Analisa bahan penelitian dalam skripsi ini menggunakan analisis normatif kualitatif.
Guna menarik kesimpulan dari hasil penelitian dipergunakan metode analisa bahan
hukum deduktif.
Berdasarkan hasil pembahasan diperoleh hasil bahwa, Alat bukti yang diakui
keabsahan hukumnya adalah akta otentik yaitu akta yang dibuat oleh dan dihadapan oleh
Pejabat Pembuat Akta Tanah (PPAT) sedangkan alat bukti pembayaran melalui kwitansi
atau surat keterangan kepala desa merupakan alat bukti yang kekuatan pembuktiannya
dikategorikan sebagai akta di bawah tangan. Perbuatan hukum jual beli tanah hanya
dengan bukti surat keterangan kepala desa atau kwitansi sebagai akta di bawah tangan,
adalah tidak mempunyai kekuatan hukum mengikat. Pengalihan tanah dari pemilik
kepada penerima disertai dengan penyerahan yuridis (juridische levering), yaitu
penyerahan yang harus memenuhi formalitas undang-undang, meliputi pemenuhan
syarat dilakukan melalui prosedur telah ditetapkan, menggunakan dokumen, dibuat
oleh/di hadapan PPAT. Tata cara terbitnya akta PPAT sebagai akta otentik sangatlah
menentukan, karenanya apabila pihak yang berkepentingan dapat membuktikan adanya
cacat dalam bentuknya karena adanya kesalahan atau ketidaksesuaian dalam tata cara
pembuatannya maka akan mengakibatkan timbulnya risiko bagi kepastian hak yang
timbul atau tercatat atas dasar akta tersebut. Kekuatan pembuktian alat bukti surat
keterangan dari kepala desa dalam jual beli tanah merupakan bukti-bukti tertulis atas
suatu transaksi dalam jual beli. Surat keterangan dari kepala desa merupakan alat bukti
dibawah tangan, yang pembuktiannya hanya bersifat formil saja, tidak sempurna seperti
akta otentik yang pembuktiannya bersifat formil dan materiil.
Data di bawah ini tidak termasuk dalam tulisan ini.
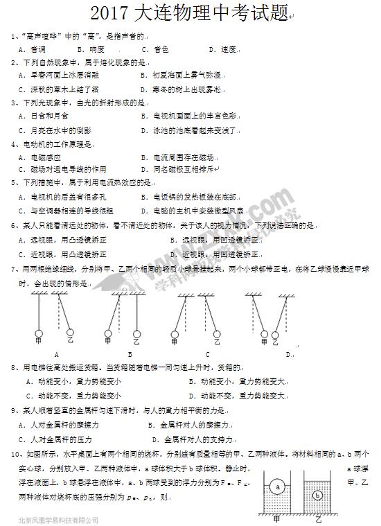 2017各地中考陆续举行,新东方在线中考网将第一时间整理中考试题及答案,供中考生们参考。下面是《辽宁大连2017中考物理试题及答案》,更多2017年辽宁大连中考试题及答案可查看2017中考试...
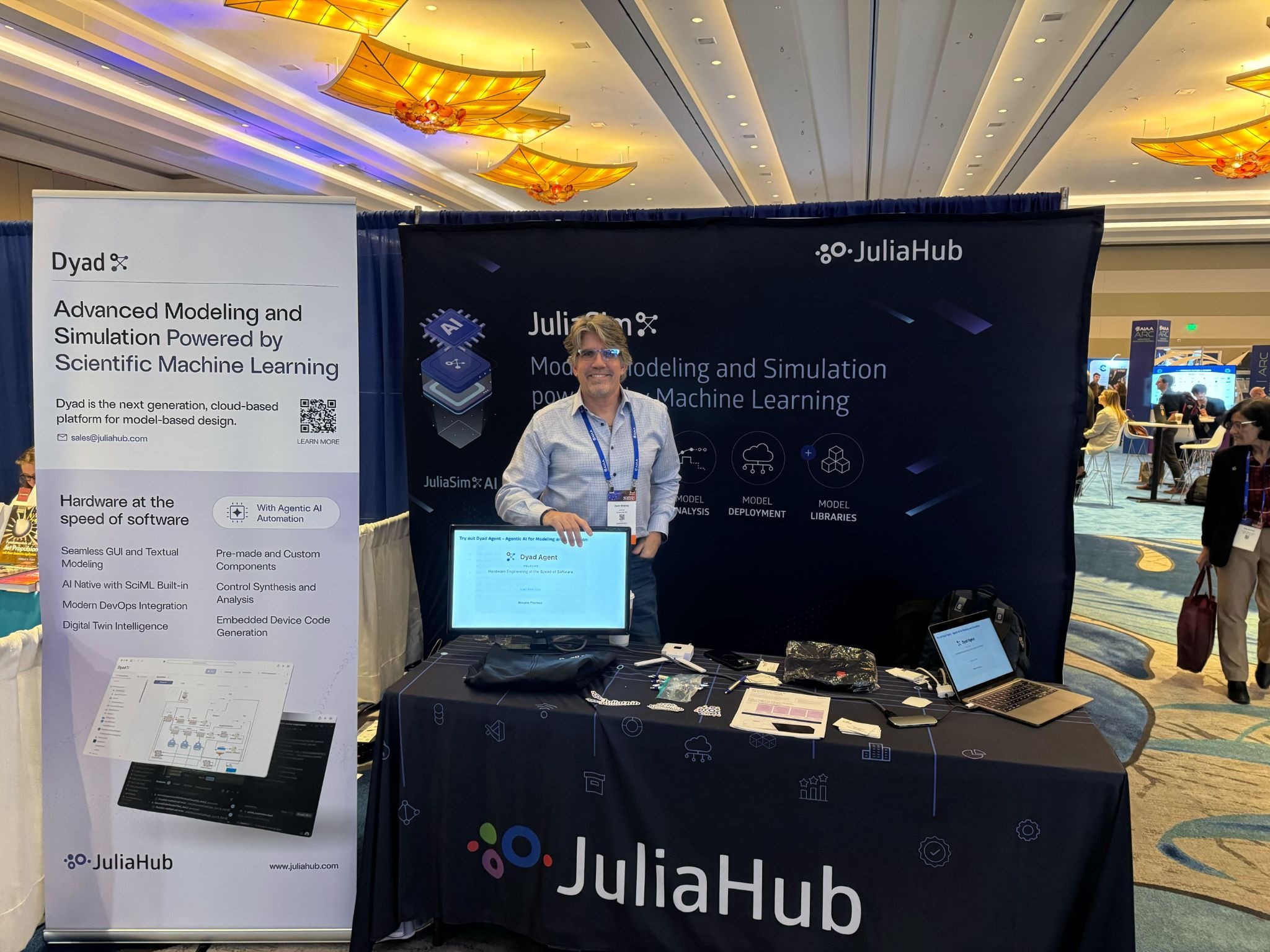 The consistent footfall at the JuliaHub booth reflects a growing interest in Scientific Machine Learning (SciML) and AI systems that work with physics-based models rather than replacing them. Many conversations were centered on how Dyad fits into existing engineering workflows and how organizations can move from experimentation to deployment.

Berdasarkan hal tersebut, dapat dikemukakan saran sebagai berikut : Hendaknya
masyarakat dapat menyadari akan arti penting prosedur jual beli hak atas tanah, sebagai
bukti yang kuat apabila terjadi sengketa sebagaimana contoh kasus. Prosedur jual beli
dalam hal ini harus dilaksanakan di pejabat yang berwenang. pemerintah dapat
melakukan sosialisasi terhadap prosedur pelaksanaan jual belik hak atas tanah, sebab
pada kenyataannya khususnya pada masyarakat di pedesaan prosedur jual beli tanah
yang banyak terjadi adalah dengan cara di bawah tangan, sehingga merugikan pembeli
di kemudian hari jika timbul persengketaan. Perlu pembinaan dan sosialisasi secara
terpadu dan terus menerus tentang pendaftaran tanah khususnya prosedur pelaksanaan
jual beli tanah kepada masyarakat khususnya Kepala Desa beserta perangkatnya oleh
Kantor Badan Pertanahan dan Kantor Kecamatan untuk terciptanya kepastian hukum
ditengah-tengah masyarakat dan meningkatkan pemahaman Kepala Desa dan
perangkatnya tentang Hukum Pertanahan Nasional.